Gabe froze, his mouth hanging slightly open, the fire in his eyes flickering out into pure, unadulterated shock.

I was out of breath, my chest heaving, the confession hanging in the stale bar air like a banner. It felt like I’d just taken a hit from a freight train, but for the first time in months, I couldactually breathe. The truth was out. There were no more plays to call.

Slowly, I turned my head to look at Kayla.

She was standing by the beer taps, her hand over her mouth, her eyes wide and shimmering with tears. She looked stunned, terrified, and so fucking beautiful all at once. The silence in the bar was deafening.

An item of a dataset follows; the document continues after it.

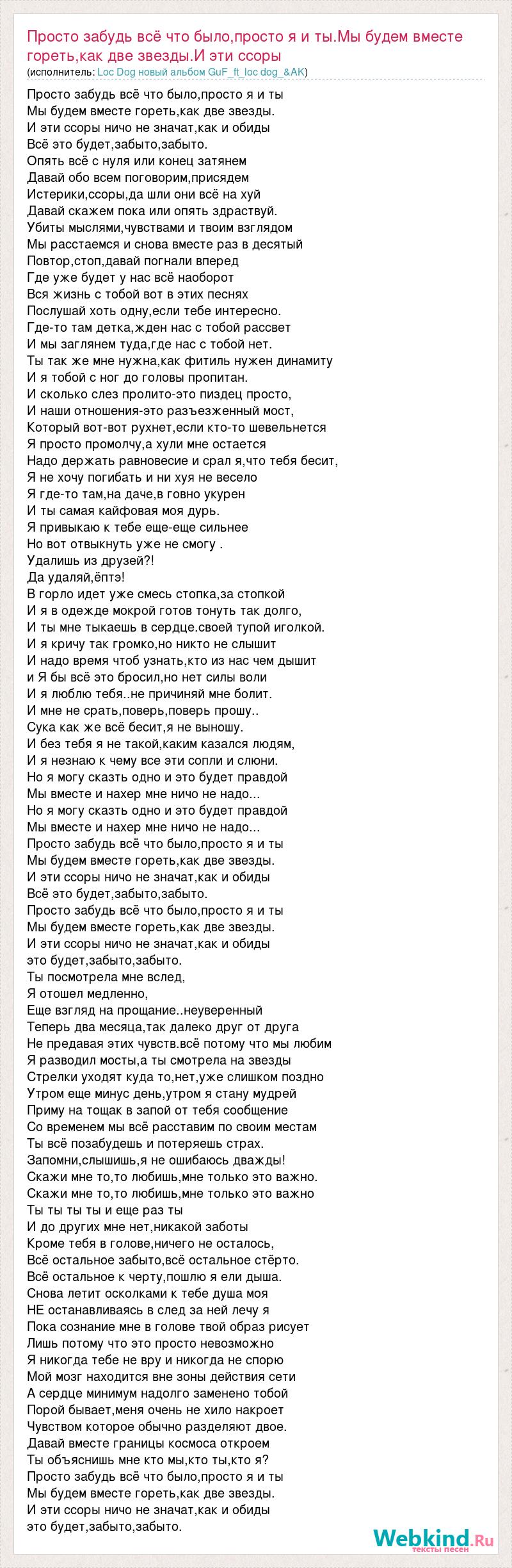Просто забудь всё что было,просто я и ты Мы будем вместе гореть,как две звезды. И эти ссоры ничо не значат,как и обиды Всё это будет,забыто,забыто. Опять всё с нуля или конец затянем Давай обо всем поговорим,присядем Истерики,ссоры,да шли они всё на хуй Давай скажем пока или опять здраствуй. Убиты мыслями,чувствами и твоим взглядом Мы расстаемся и снова вместе раз в десятый Повтор,стоп,давай погнали вперед Где уже будет у нас всё наоборот Вся жизнь с тобой вот в этих песнях Послушай хоть одну,если тебе интересно. Где-то там детка,жден нас с тобой рассвет И мы заглянем туда,где нас с тобой нет. Ты так же мне нужна,как фитиль нужен динамиту И я тобой с ног до головы пропитан. И сколько слез пролито-это пиздец просто, И наши отношения-это разъезженный мост, Который вот-вот рухнет,если кто-то шевельнется Я просто промолчу,а хули мне остается Надо держать равновесие и срал я,что тебя бесит, Я не хочу погибать и ни хуя не весело Я где-то там,на даче,в говно укурен И ты самая кайфовая моя дурь. Я привыкаю к тебе еще-еще сильнее Но вот отвыкнуть уже не смогу . Удалишь из друзей?! Да удаляй,ёптэ! В горло идет уже смесь стопка,за стопкой И я в одежде мокрой готов тонуть так долго, И ты мне тыкаешь в сердце.своей тупой иголкой. И я кричу так громко,но никто не слышит И надо время чтоб узнать,кто из нас чем дышит и Я бы всё это бросил,но нет силы воли И я люблю тебя..не причиняй мне болит. И мне не срать,поверь,поверь прошу.. Сука как же всё бесит,я не выношу. И без тебя я не такой,каким казался людям, И я незнаю к чему все эти сопли и слюни. Но я могу сказть одно и это будет правдой Мы вместе и нахер мне ничо не надо... Но я могу сказть одно и это будет правдой Мы вместе и нахер мне ничо не надо... Просто забудь всё что было,просто я и ты Мы будем вместе гореть,как две звезды. И эти ссоры ничо не значат,как и обиды Всё это будет,забыто,забыто. Просто забудь всё что было,просто я и ты Мы будем вместе гореть,как две звезды. И эти ссоры ничо не значат,как и обиды это будет,забыто,забыто. Ты посмотрела мне вслед, Я отошел медленно, Еще взгляд на прощание..неуверенный Теперь два месяца,так далеко друг от друга Не предавая этих чувств.всё потому что мы любим Я разводил мосты,а ты смотрела на звезды Стрелки уходят куда то,нет,уже слишком поздно Утром еще минус день,утром я стану мудрей Приму на тощак в запой от тебя сообщение Со временем мы всё расставим по своим местам Ты всё позабудешь и потеряешь страх. Запомни,слышишь,я не ошибаюсь дважды! Скажи мне то,то любишь,мне только это важно. Скажи мне то,то любишь,мне только это важно Ты ты ты ты и еще раз ты И до других мне нет,никакой заботы Кроме тебя в голове,ничего не осталось, Всё остальное забыто,всё остальное стёрто. Всё остальное к черту,пошлю я ели дыша. Снова летит осколками к тебе душа моя НЕ останавливаясь в след за ней лечу я Пока сознание мне в голове твой образ рисует Лишь потому что это просто невозможно Я никогда тебе не вру и никогда не спорю Мой мозг находится вне зоны действия сети А сердце минимум надолго заменено тобой Порой бывает,меня очень не хило накроет Чувством которое обычно разделяют двое. Давай вместе границы космоса откроем Ты объяснишь мне кто мы,кто ты,кто я? Просто забудь всё что было,просто я и ты Мы будем вместе гореть,как две звезды. И эти ссоры ничо не значат,как и обиды это будет,забыто,забыто.
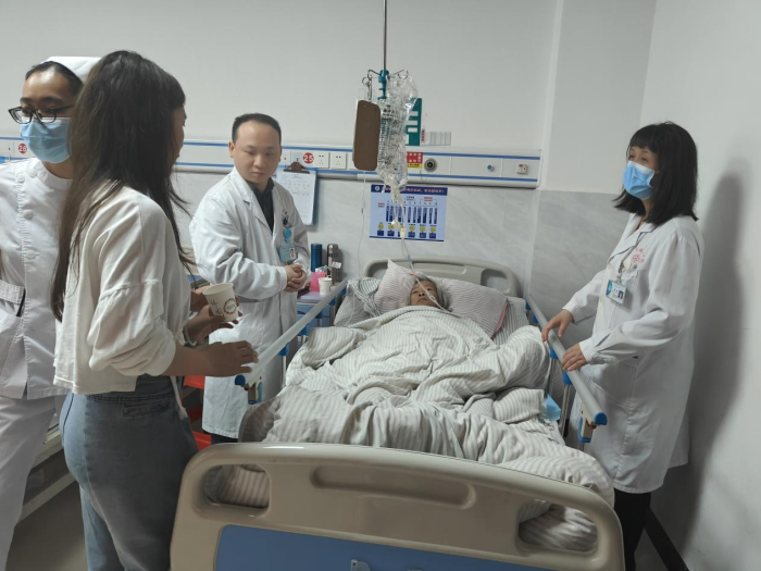 随后,陈熙教授随廖剑锋主任至病房查看肿瘤患者。平乐县中医院唐鹏程医师遇到了一例棘手患者,这是一例晚期结肠癌合并有肠梗阻的高龄患者,该患者因重度贫血无法行手术治疗,在廖剑锋主任的带领下,全院职工积极献血,为患者争取了手术治疗机会,但患者手术后的治疗方案困扰了廖主任团队。陈熙教授详阅患者病例并查看患者后认为该患者年纪大,待手术治疗身体恢复后,若患者身体情况好,可酌情给予副作用小的化疗方案治疗。

"It’s true," I said, my voice dropping to a low, steady thrum that vibrated in my own throat. I looked her right in the eyes, ignoring the kid, ignoring the pain, ignoring the mess. "I’m in love with you, Kayla. And I’m not going anywhere."

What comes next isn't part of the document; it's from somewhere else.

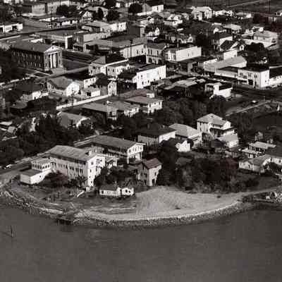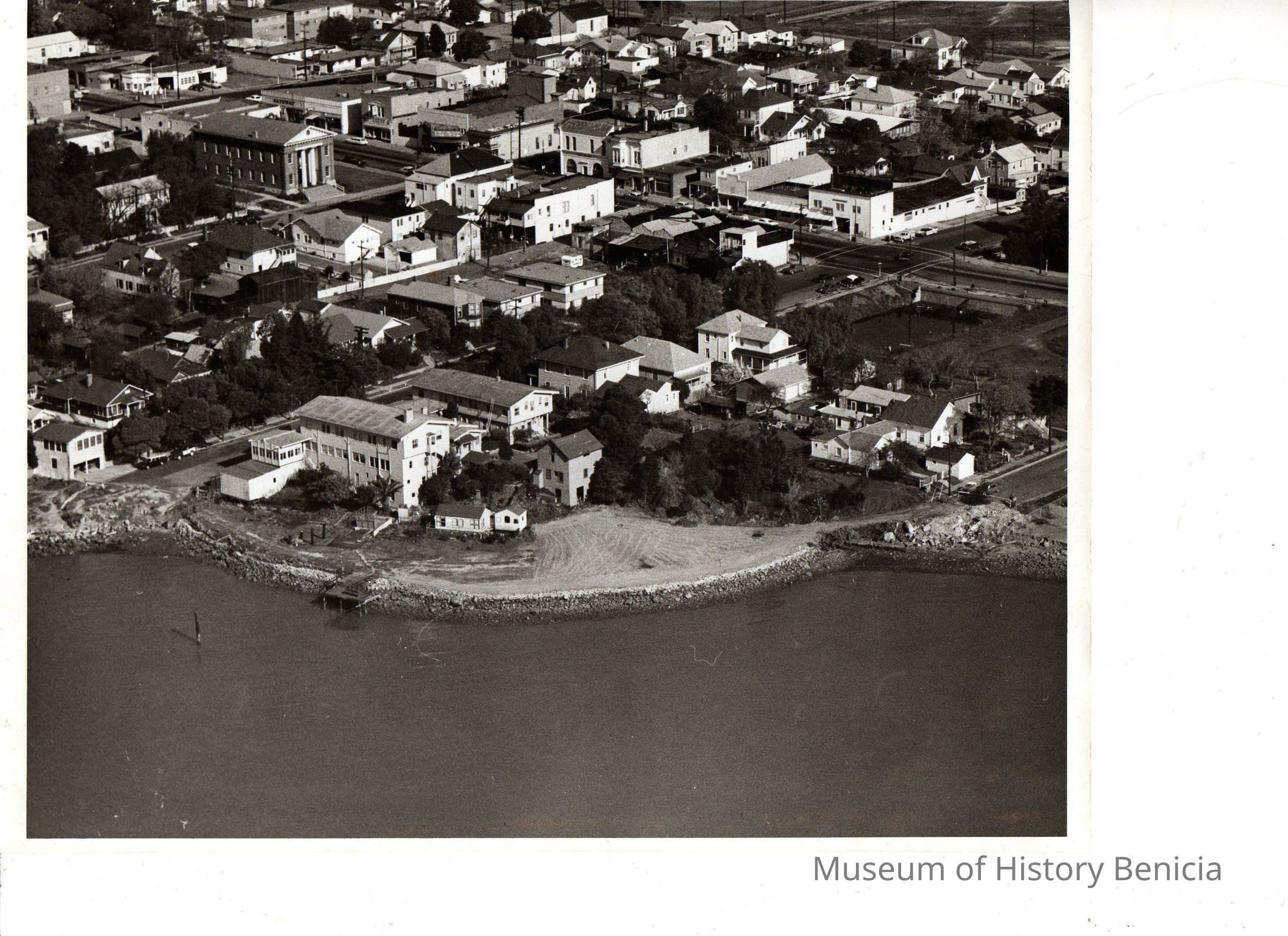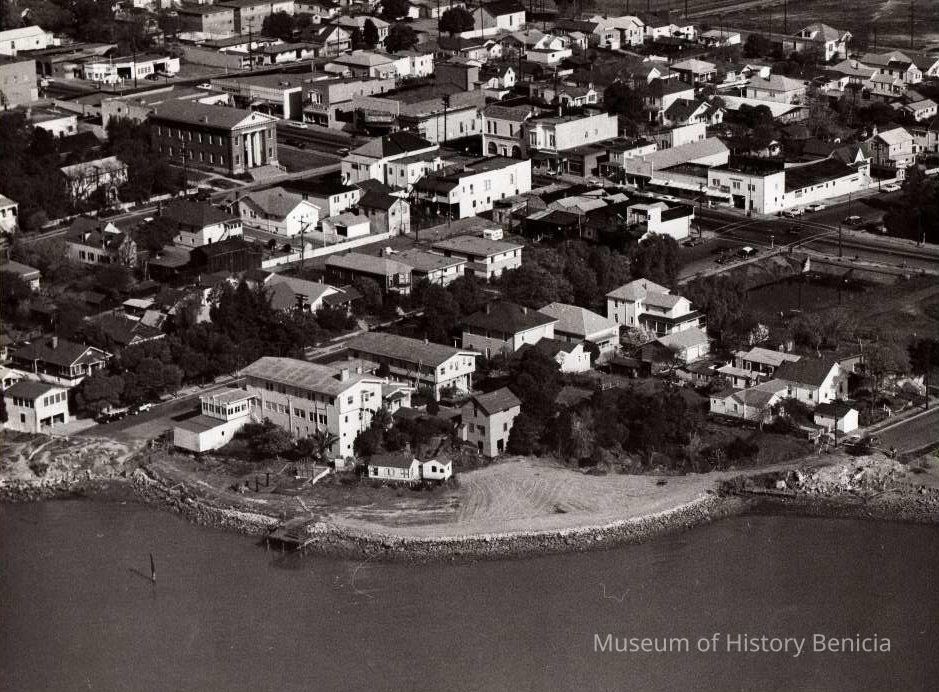 B/W aerial photo, envelope identified as "Dr. W. Coon Property", shows Benicia shoreline in vicinity of the Anderson Hotel, "Pink Palace", between the end of West F Street and West E Street; many buildings along First Street are visible south of H Street to E Street. Many empty lots are also visible.Collection

The silence that followed was heavy, pressurized by the hum of the beer coolers and the sudden, stunned stillness of the two people who meant the most to me. Neither of them moved. Neither of them breathed.

"I’m not a gambler," I said, my voice cutting through the quiet, lower now but no less intense. "I don’t play games with people’s lives, and I sure as hell don’t fuck around with their hearts. I’ve spent years being disciplined enough to reach the top of this sport, and I’m applying every bit of that discipline to this. To you."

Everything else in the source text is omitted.